Pour les services cubains, la manipulation des Myers est un succès sur toute la ligne. Ils ont obtenu, sur la durée, des renseignements dont une partie était de grande qualité. En dehors des frais de fonctionnement et de déplacements, cette affaire n’a pas coûté bien cher car les Myers agissaient par idéal et non par vénalité. Enfin, ils n’ont pas eu à gérer financièrement la « retraite » de leurs vieux collaborateurs devenus inutiles puisqu’ils n’avaient plus accès à des renseignements classifiés. En effet, ces derniers ont été appréhendés avant d’avoir pu mettre leur rêve à exécution : rejoindre leur paradis rêvé : Cuba… Washington pourrait se servir d’eux pour négocier un échange mais il est douteux que La Havane éprouve le moindre sentiment de générosité à l’égard de ces Yankees qui l’ont si bien servi !

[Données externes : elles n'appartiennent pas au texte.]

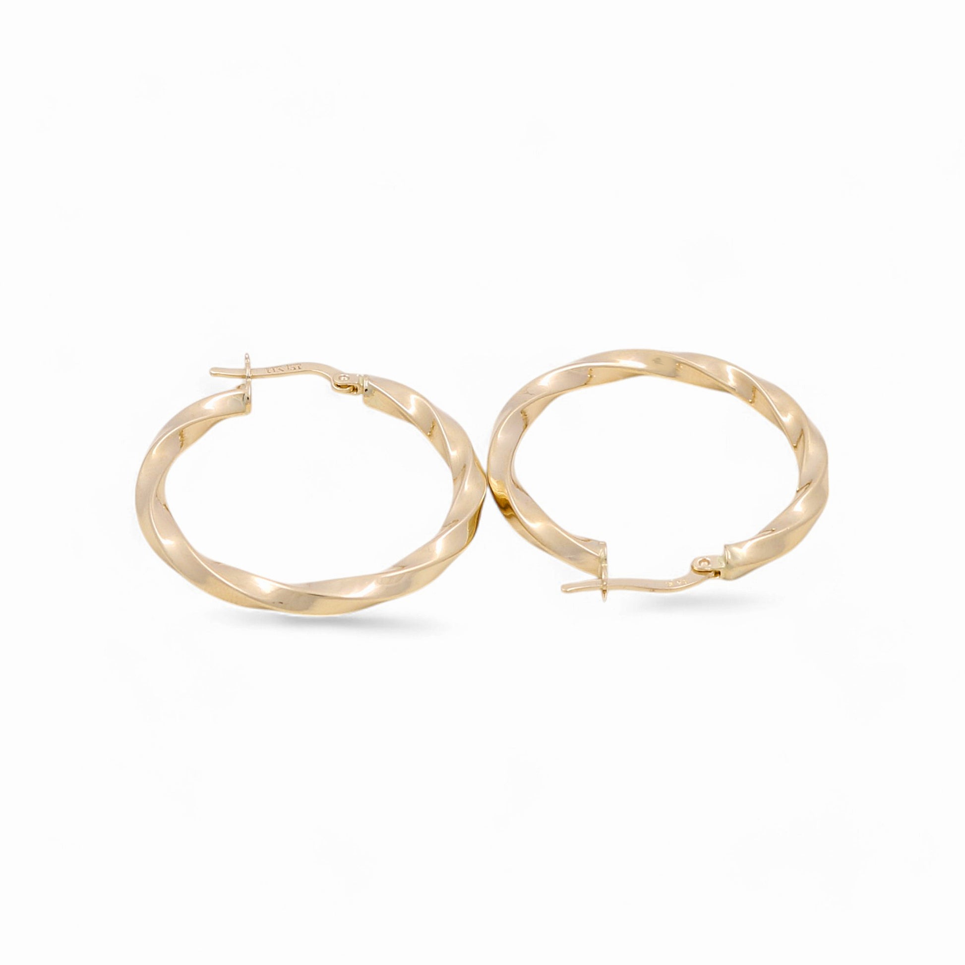 Handcrafted in 14K yellow gold, these twist hoop earrings are the perfect way to add a touch of elegance and sophistication to any outfit. The unique twist design adds depth and dimension to the classic hoop style, making them a truly special and eye-catching piece. And with a weight of 2.8 GR, these earrings are lightweight and comfortable to wear all day long. Invest in lasting quality and timeless style with these beautiful 14K yellow gold twist hoop earrings.
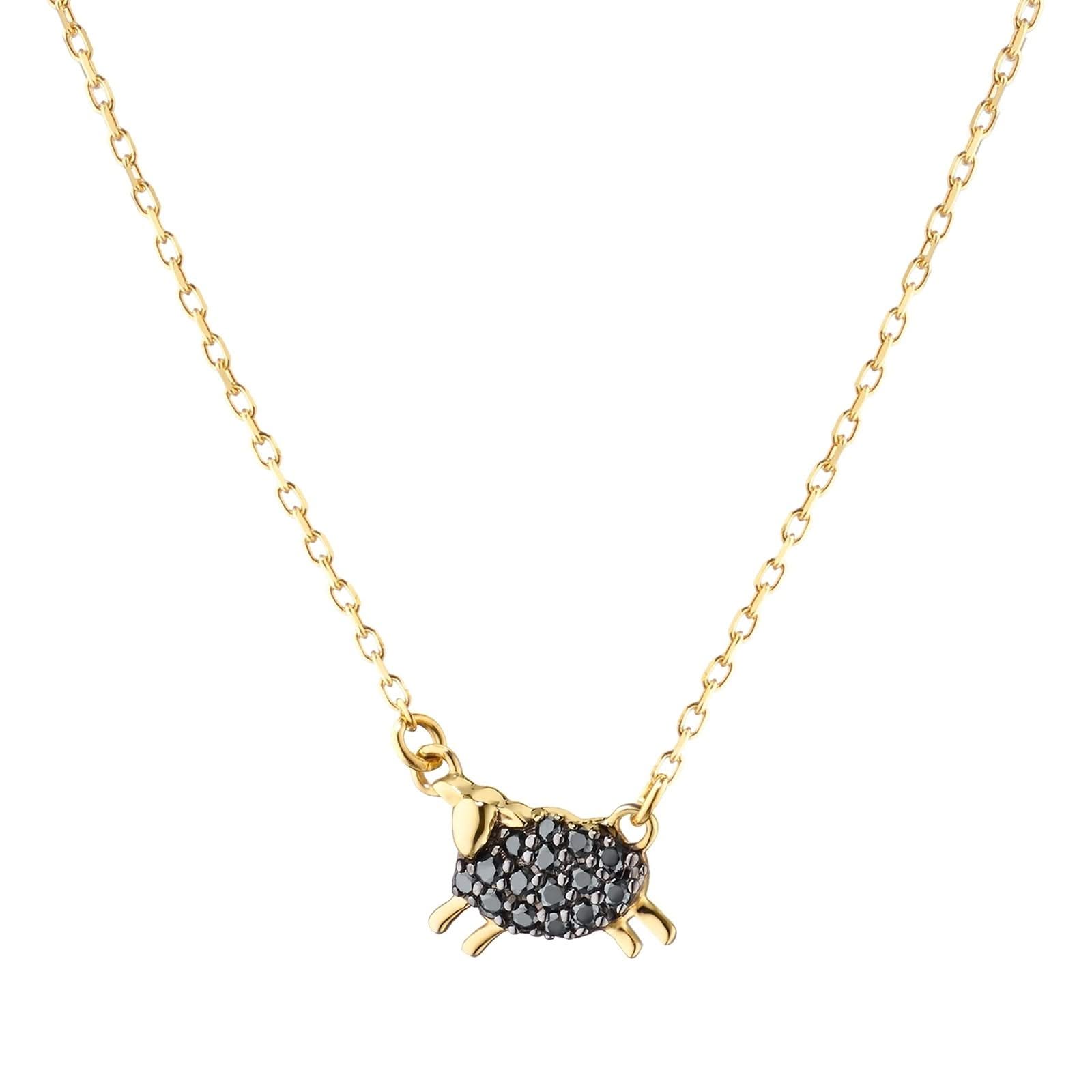 18K yellow gold Black Sheep charm necklace featuring round black diamonds weighing .11 ctw. The necklace is adjustable from 15-16-17" in length. Designed by Monica Rich Kosann.

- [1] En fait, Carlos Ciaño est un officier traitant des services de renseignement cubains (Direccion General de Inteligencia/DGI). Fils d’un propriétaire foncier cubain, il rejoint la révolution et devient chef d’une batterie anti-aérienne qui se couvrira de gloire lors du débarquement de la Baie des Cochons.
- [2] Kendal Myers a servi de 1959 à 1962 dans les transmissions de l’US Army.
- [3] Aux Etats-Unis, il s’agissait à l’époque de grands sacs en papier marron.